Darüber hinaus wird es Kims aufpoliertes Image Washington nun erschweren, zu diplomatischen Zwangsmaßnahmen gegenüber Pjöngjang zurückzukehren, falls der diplomatische Prozess scheitert und man substantiellen Problemen nicht weiter ausweichen kann.

Noch folgenreicher ist, wie mit dem Gipfel-Tamtam Kims Ansehen gehoben wurde. Als der nordkoreanische Diktator nach Pjöngjang zurückkehrte, war er durch sein Treffen mit Trump als schon fast gleichwertiger Partner bestätigt, als Staatschef mit einem einsatzfähigem Atomarsenal anerkannt und sowohl im Inland wie auch international legitimiert als einer, der gegenüber der internationalen regelbasierten Ordnung eine Strategie der Missachtung verfolgt hatte. Andere aufstrebende Diktatoren mit Atomwaffen dürften das interessiert zur Kenntnis genommen haben.

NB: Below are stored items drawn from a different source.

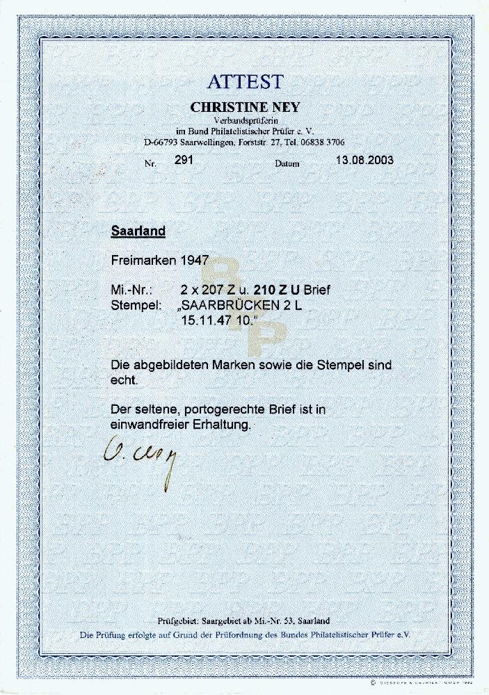 | Prüfgebiet: | Saarland (ab Mi-Nr. 206) |
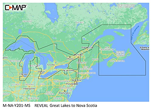 The C-MAP M-NA-Y201-MS REVEAL Coastal Chart provides comprehensive coverage from the Great Lakes to Nova Scotia, combining advanced cartography with detailed bathymetric data for superior navigation and fishing. This premium digital chart integrates traditional vector charts with cutting-edge visualization features including shaded relief, satellite imagery, and dynamic raster chart presentation.
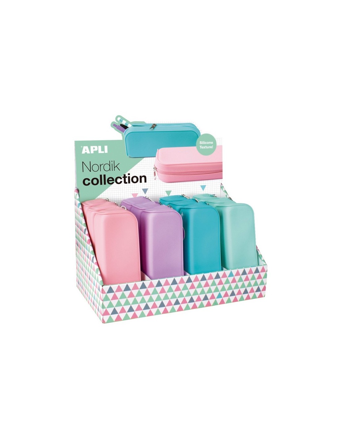 Estuche de silicona de tamaño 185 mm x 75 mm x 55 mm. 4 colores pastel a elegir* (rosa, violeta, azul y verde). Es funcional y minimalista, con cremallera, repelente al agua, fácil de limpiar y flexible. Serie Nordik. Marca Apli.
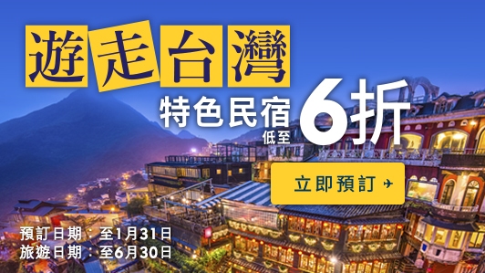 6月30日前入住!台灣特色民宿低至6折優惠 – Expedia HK (優惠至1月31日)
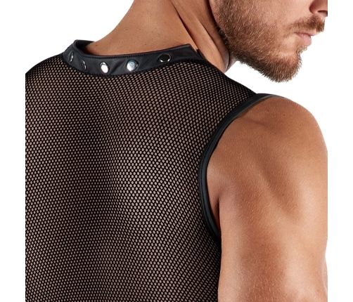 The sleeveless shirt includes securely attached thigh harnesses on the front, easily adaptable to your physique thanks to practical press studs. Multiple metal rings are strategically placed on the sides, allowing you to attach the included handcuffs using snap hook chains for added versatility. The comfortable hand restraints are lined with soft material and are fully adjustable to ensure a snug, customized fit.

Die "Normalisierung" Kims hat ihre Schattenseiten, aber vielleicht ist es die Sache ja wert. Sein öffentliches Auftreten mit einem Staatschef der freien Welt mag geschmacklos sein, eine Katastrophe ist es nicht. Doch dass Trump Kim im Gegenzug zu dieser Normalisierung keine Zugeständnisse abverlangte, war ein schwerer Fehler. Der "Dealmaker" kehrte ohne Deal nach Hause zurück.

Darüber hinaus wird es Kims aufpoliertes Image Washington nun erschweren, zu diplomatischen Zwangsmaßnahmen gegenüber Pjöngjang zurückzukehren, falls der diplomatische Prozess scheitert und man substantiellen Problemen nicht weiter ausweichen kann.

Reality-TV-Finale

Der Höhepunkt des Gipfels von Singapur fand nach Kims Abreise statt. Trumps Pressekonferenz war eine Tour de Force unbedachter Improvisation. Zunächst nannte Trump diverse Punkte - unter anderem mögliche Verifizierungsinspektionen -, die nicht in der gemeinsamen Gipfelerklärung stehen. Offenbar war die Vereinbarung, die diesen Namen ohnehin schon kaum verdient, unterschiedlich verstanden worden. Dann verunglimpfte Trump seinen Verbündeten Südkorea, beschrieb die gemeinsamen Manöver der USA und Südkoreas als "provokativ" (ein Begriff, den Nordkorea wählen würde) und kapitulierte vor einer Forderung Kims, dass nämlich die USA und Südkorea ihre Manöver einstellen. Es ist nicht einmal klar, dass Trump für dieses Zugeständnis irgendein Entgegenkommen der Gegenpartei erreicht hätte, denn er erwähnte nur vage das Versprechen Nordkoreas, die Raketentestanlage zu zerstören.

Trump setzte noch eins drauf, indem er die Möglichkeit andeutete, das US-Militär auf der koreanischen Halbinsel zu reduzieren und abzuziehen. Beides gab er bekannt, ohne sich mit Südkorea oder seinen eigenen Verteidigungsexperten abgesprochen zu haben. Man kann über Trumps Vorschläge durchaus streiten. Doch dass er sie so unkoordiniert unterbreitete und bei den Nordkoreanern in der Frage der Entnuklearisierung keine konkreten Fortschritte erreichte, ist ein massiver Verhandlungsfehler.

Nach dem Gipfel ist vor dem Gipfel

Am Ende schaute die Welt in die Röhre: Trump bekam seinen Fototermin, Kim polierte sein Image auf, der Zirkus zog weiter, und in den substantiellen Fragen sind wir genau da, wo wir vor Singapur auch schon waren. Noch ist alles möglich - zum Guten oder Schlechten.